[DATA SUPPLIED]
******************************
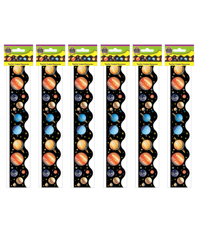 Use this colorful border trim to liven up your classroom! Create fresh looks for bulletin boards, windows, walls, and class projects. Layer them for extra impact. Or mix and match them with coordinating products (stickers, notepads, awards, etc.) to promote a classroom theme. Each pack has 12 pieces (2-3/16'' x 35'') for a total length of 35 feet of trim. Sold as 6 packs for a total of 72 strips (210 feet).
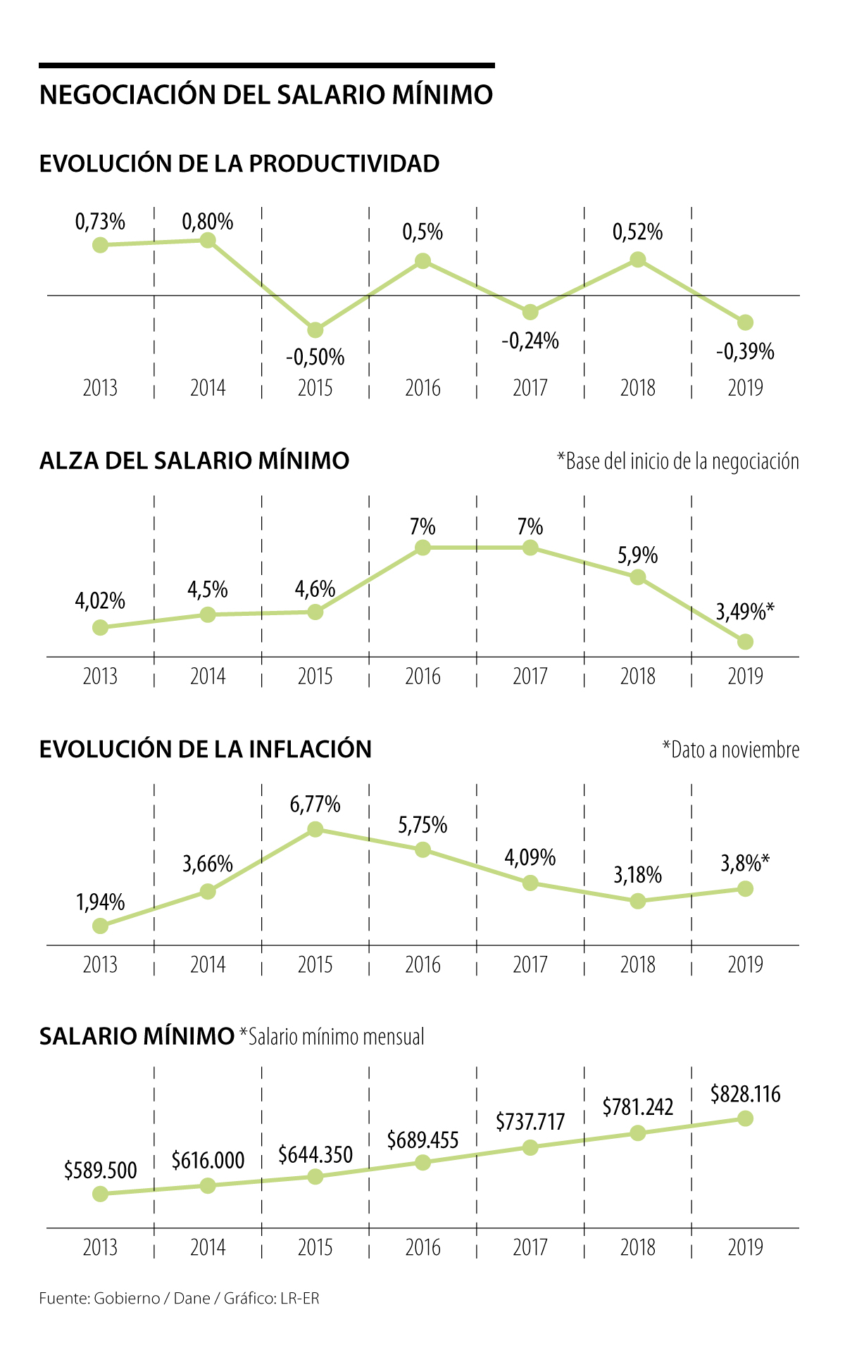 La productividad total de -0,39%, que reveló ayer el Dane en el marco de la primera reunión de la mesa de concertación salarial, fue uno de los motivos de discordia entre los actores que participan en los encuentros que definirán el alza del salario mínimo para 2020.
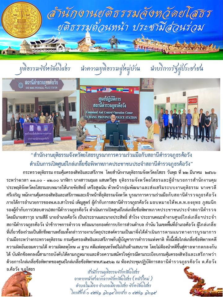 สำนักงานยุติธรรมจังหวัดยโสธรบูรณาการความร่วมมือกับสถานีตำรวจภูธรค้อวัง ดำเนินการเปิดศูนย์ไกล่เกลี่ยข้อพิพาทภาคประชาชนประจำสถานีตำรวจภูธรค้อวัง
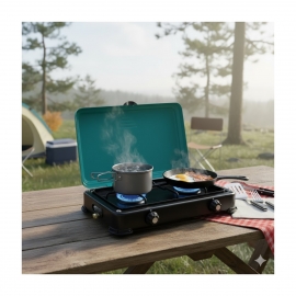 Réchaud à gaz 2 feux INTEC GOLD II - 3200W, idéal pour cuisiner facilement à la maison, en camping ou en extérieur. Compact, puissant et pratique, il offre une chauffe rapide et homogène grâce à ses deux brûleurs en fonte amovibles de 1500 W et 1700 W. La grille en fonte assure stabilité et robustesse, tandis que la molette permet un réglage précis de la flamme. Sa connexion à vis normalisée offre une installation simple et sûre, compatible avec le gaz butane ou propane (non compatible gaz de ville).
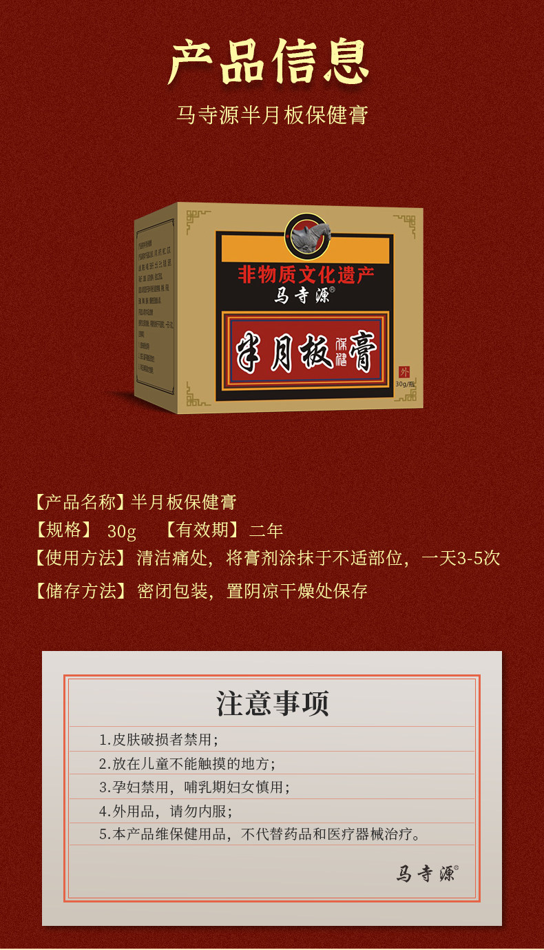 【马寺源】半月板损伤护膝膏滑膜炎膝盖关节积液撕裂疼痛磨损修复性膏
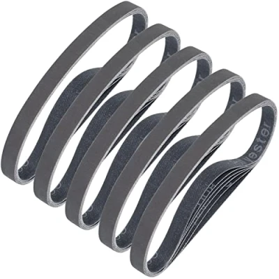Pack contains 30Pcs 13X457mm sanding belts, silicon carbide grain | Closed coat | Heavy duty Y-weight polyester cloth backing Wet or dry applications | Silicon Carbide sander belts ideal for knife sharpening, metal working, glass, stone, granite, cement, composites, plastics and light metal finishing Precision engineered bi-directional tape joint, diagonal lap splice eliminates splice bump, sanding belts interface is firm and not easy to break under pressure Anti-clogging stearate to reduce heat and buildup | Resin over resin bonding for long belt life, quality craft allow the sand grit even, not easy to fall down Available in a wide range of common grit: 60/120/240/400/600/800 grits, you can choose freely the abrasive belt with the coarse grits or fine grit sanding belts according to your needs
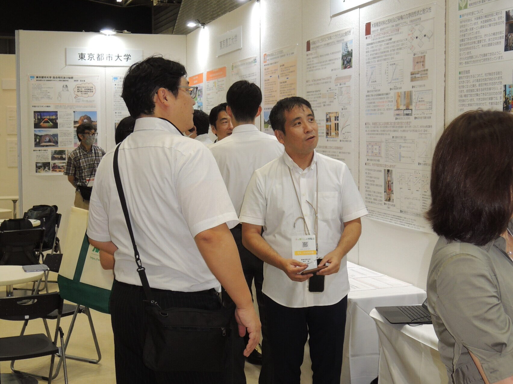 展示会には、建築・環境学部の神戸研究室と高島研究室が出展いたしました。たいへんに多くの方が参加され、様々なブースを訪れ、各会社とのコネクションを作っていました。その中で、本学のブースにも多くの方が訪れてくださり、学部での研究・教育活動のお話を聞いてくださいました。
******************************
[TASK TO COMPLETE]
Copy the full listing above exactly, apart from the pictures.

[TASK ANSWER]
 Use this colorful border trim to liven up your classroom! Create fresh looks for bulletin boards, windows, walls, and class projects. Layer them for extra impact. Or mix and match them with coordinating products (stickers, notepads, awards, etc.) to promote a classroom theme. Each pack has 12 pieces (2-3/16'' x 35'') for a total length of 35 feet of trim. Sold as 6 packs for a total of 72 strips (210 feet).
 La productividad total de -0,39%, que reveló ayer el Dane en el marco de la primera reunión de la mesa de concertación salarial, fue uno de los motivos de discordia entre los actores que participan en los encuentros que definirán el alza del salario mínimo para 2020.
 สำนักงานยุติธรรมจังหวัดยโสธรบูรณาการความร่วมมือกับสถานีตำรวจภูธรค้อวัง ดำเนินการเปิดศูนย์ไกล่เกลี่ยข้อพิพาทภาคประชาชนประจำสถานีตำรวจภูธรค้อวัง
 Réchaud à gaz 2 feux INTEC GOLD II - 3200W, idéal pour cuisiner facilement à la maison, en camping ou en extérieur. Compact, puissant et pratique, il offre une chauffe rapide et homogène grâce à ses deux brûleurs en fonte amovibles de 1500 W et 1700 W. La grille en fonte assure stabilité et robustesse, tandis que la molette permet un réglage précis de la flamme. Sa connexion à vis normalisée offre une installation simple et sûre, compatible avec le gaz butane ou propane (non compatible gaz de ville).
 【马寺源】半月板损伤护膝膏滑膜炎膝盖关节积液撕裂疼痛磨损修复性膏
Pack contains 30Pcs 13X457mm sanding belts, silicon carbide grain | Closed coat | Heavy duty Y-weight polyester cloth backing Wet or dry applications | Silicon Carbide sander belts ideal for knife sharpening, metal working, glass, stone, granite, cement, composites, plastics and light metal finishing Precision engineered bi-directional tape joint, diagonal lap splice eliminates splice bump, sanding belts interface is firm and not easy to break under pressure Anti-clogging stearate to reduce heat and buildup | Resin over resin bonding for long belt life, quality craft allow the sand grit even, not easy to fall down Available in a wide range of common grit: 60/120/240/400/600/800 grits, you can choose freely the abrasive belt with the coarse grits or fine grit sanding belts according to your needs
 展示会には、建築・環境学部の神戸研究室と高島研究室が出展いたしました。たいへんに多くの方が参加され、様々なブースを訪れ、各会社とのコネクションを作っていました。その中で、本学のブースにも多くの方が訪れてくださり、学部での研究・教育活動のお話を聞いてくださいました。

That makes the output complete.